Dass Theaterleiterin Melanie Berg nicht nur weiß, was Frauen wollen, sieht man der neuen Farbenlehre der Programmübersicht an. Da finden sich neben viel Zyklam für „musikalisch“ vor allem grüne Schriftzüge. Die stehen entweder für „lustig“ oder für „amüsant“. Im Rathaus-Theater, wo der gepflegte Humor ein festes Zuhause hat, macht man da durchaus einen Unterschied.

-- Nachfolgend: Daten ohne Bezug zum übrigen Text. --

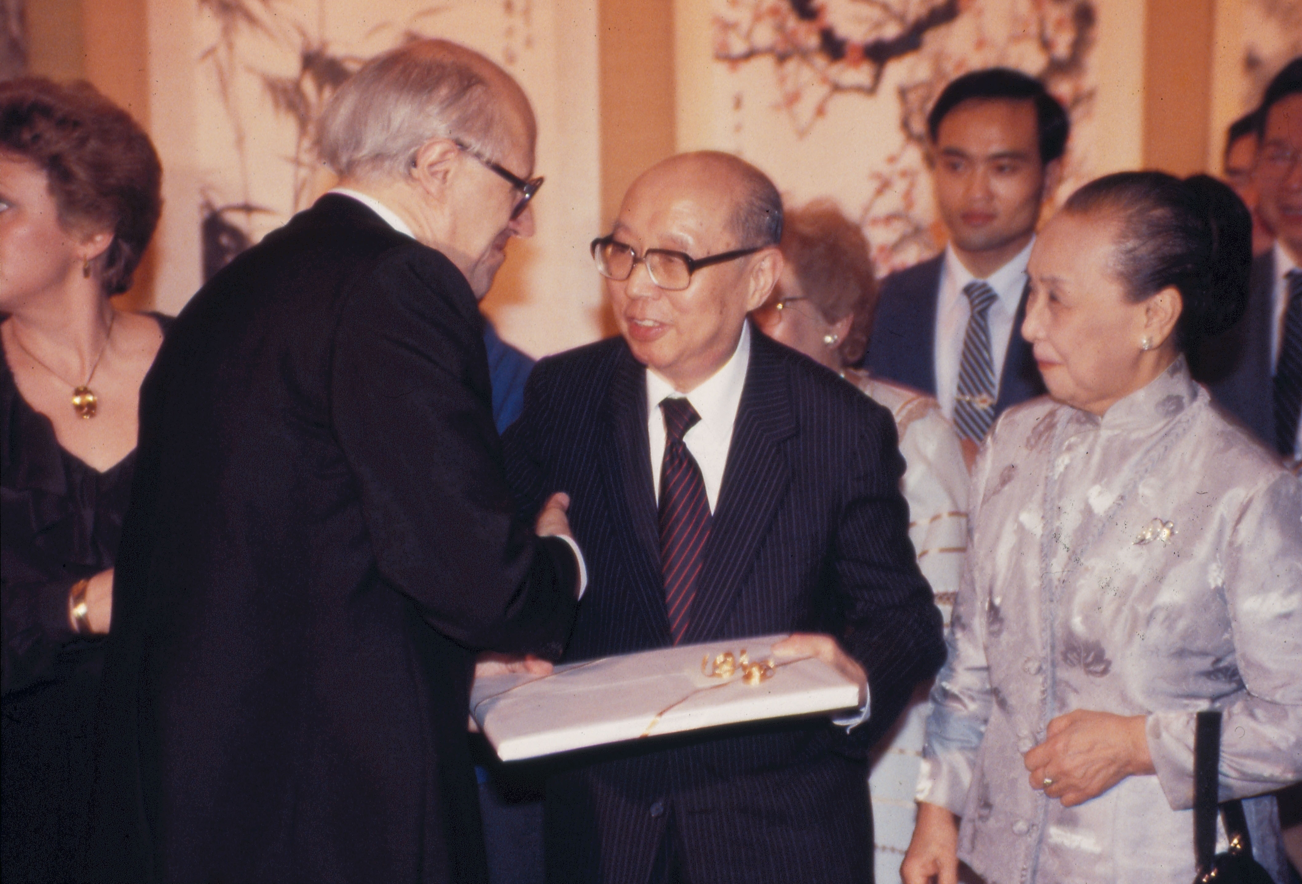 圖4:演奏會後,我方特舉行酒會款待樂團團員,羅氏與嚴前總統伉儷互贈禮物。(李影/唐根禮/李培徽)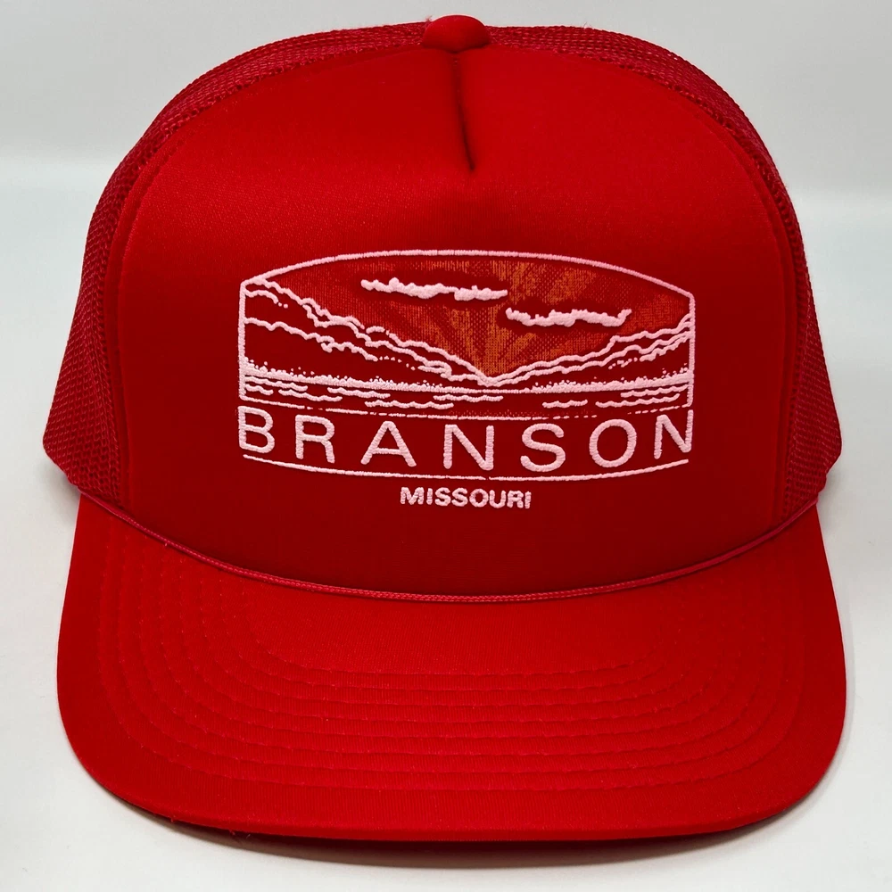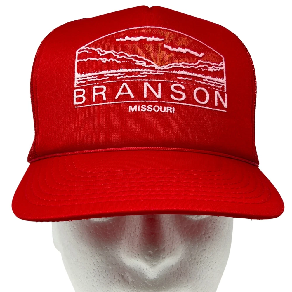 Vintage 80s 90s Branson Missouri Snapback Trucker Hat Tourist Tourism Red Five Panel Mesh YoungAn YA Headwear Baseball Cap Will be shipped in a box. Condition: In gently used condition. Looks unworn. No flaws noticed. See photos.

Humor wird grün geschrieben
Lustig wird es gleich zu Beginn, wenn Thomas Glup seinen neuen Heinz-Erhardt-Abend im Rathaus-Theater vorstellt: „Noch’n Gedicht“ (31. August, 10. November). Weitere Glup-Abende folgen, Evergreens wie sein Erhardt-Best-of (27. Januar), das komische Kirchenspiel „Ach du lieber Himmel“ (17. November) und natürlich Glups berühmte Weihnachtslesung. Weil Lachen gesund ist, gibt’s im Rathaus-Theater sogar „Alles auf Krankenschein“. Das Lustspiel von Ray Cooney macht Tatort-Kommissar Karl-Heinz von Hassel zum komischen Patienten und die Bühne zum Behandlungszimmer (17. Mai - 6. Juli).
Vom Buch auf die Bühne
Auf der Bühne hat Erfolg, was sich schon in den Buchläden gut verkaufen ließ. Diese Regel gilt auch fürs Rathaus-Theater. Dabei traut man sich sogar, auf Esther Villars frühfeministische Streitschrift „Der dressierte Mann“ aus den 70ern zurückzugreifen, die damals für eine heftige Debatte zwischen der Schriftstellerin und Alice Schwarzer sorgte. In Essen führen zwei Grandes Dames der Film- und Fernsehgeschichte die Debatte höchst unterhaltsam weiter: Die einstige Bond-Gespielin Karin Dor und Marianne Rogée, die Frau Pavarotti aus der Lindenstraße (2. bis 22. September). Auch die Generation Internet schreibt ja inzwischen ihre eigenen Bücher. Daniel Glattauers Bestseller „Gut gegen Nordwind“ erzählt von der romantischen Magie des Mailverkehrs und der Liebe im Zeichen des @ (3. bis 16., 21. März bis 17. April). Länger auf dem Markt ist schon Ernest Hemingways Meisterwerk „Der alte Mann und das Meer“ (22. bis 31. Oktober). Als Fischer Santiago erlebt man den einstigen „Bastian“ Horst Janson, mit ihm spielt der 12-jährige Essener Silas Haake.
Wo spielt die Musik?
In Detroit natürlich. Motown. Das Lebensgefühl der 60er Jahre, den Auf- und Umbruch mit Martin Luther Kings Bürgerrechtsbewegung und Musikern wie Stevie Wonder, Diana Ross und The Jackson 5 will das Rathaus-Theater mit einer Eigenproduktion „Motown – Die Legende“ wachrufen. Bei der Uraufführung (21. bis 29. April, 4. bis 12. Mai) steht auch eine Liveband auf der Bühne. Wer da nicht ins Schwitzen kommt, hat „Heiße Zeiten“ bestimmt schon hinter sich. Die Wechseljahre-Revue (nicht zu verwechseln mit der gleichnamigen Produktion von Gerburg Jahnke) gilt als Programm-Renner (14. bis 20. Januar). Mit „Reimanns Family“ (1. bis 28. Februar) gibt’s eine thematische Zugabe. Zwei Mädels auf der Suche nach Mr. Right – das verspricht einen „Weiberabend“ voller Herzschmerz und vertrauter Schlager
Selbst „Carmen“ wird eine von uns, wenn Franziska Dannheim die Opernwelt erklärt. Ihre „Oper Légère“ ist ein Crashkurs für Opernfans und alle, die es werden wollen. So kurzweilig, charmant und personalsparend werden Verdi, Bizet und Offenbach selten serviert. (7. Oktober, 2.November/3. Februar, 27. Mai,. 11. und 24. Juni).
Und die großen Gefühle?
Kommen auch zu ihrem Recht. Mit bestens besetzten Stücken wie „Die Wahrheit“ (15. Dezember bis 12. Januar), die TV-Star Helmut Zierl erstmals ins Rathaus-Theater führt. Als charmanter Schwindler, der nicht nur Kollegin Karin Boyd um den Finger wickelt. Noch mehr Reife bringen Doris Kunstmann und Peter Fricke in die Beziehung ein. Mit „Möwe und Mozart“ (16. November bis 13. Dezember) erzählt Peter Limburg von der Liebe ohne Altersgrenzen. Auch die funktioniert im Rathaus-Theater, jedenfalls so lange die Damen hier die Wahl haben.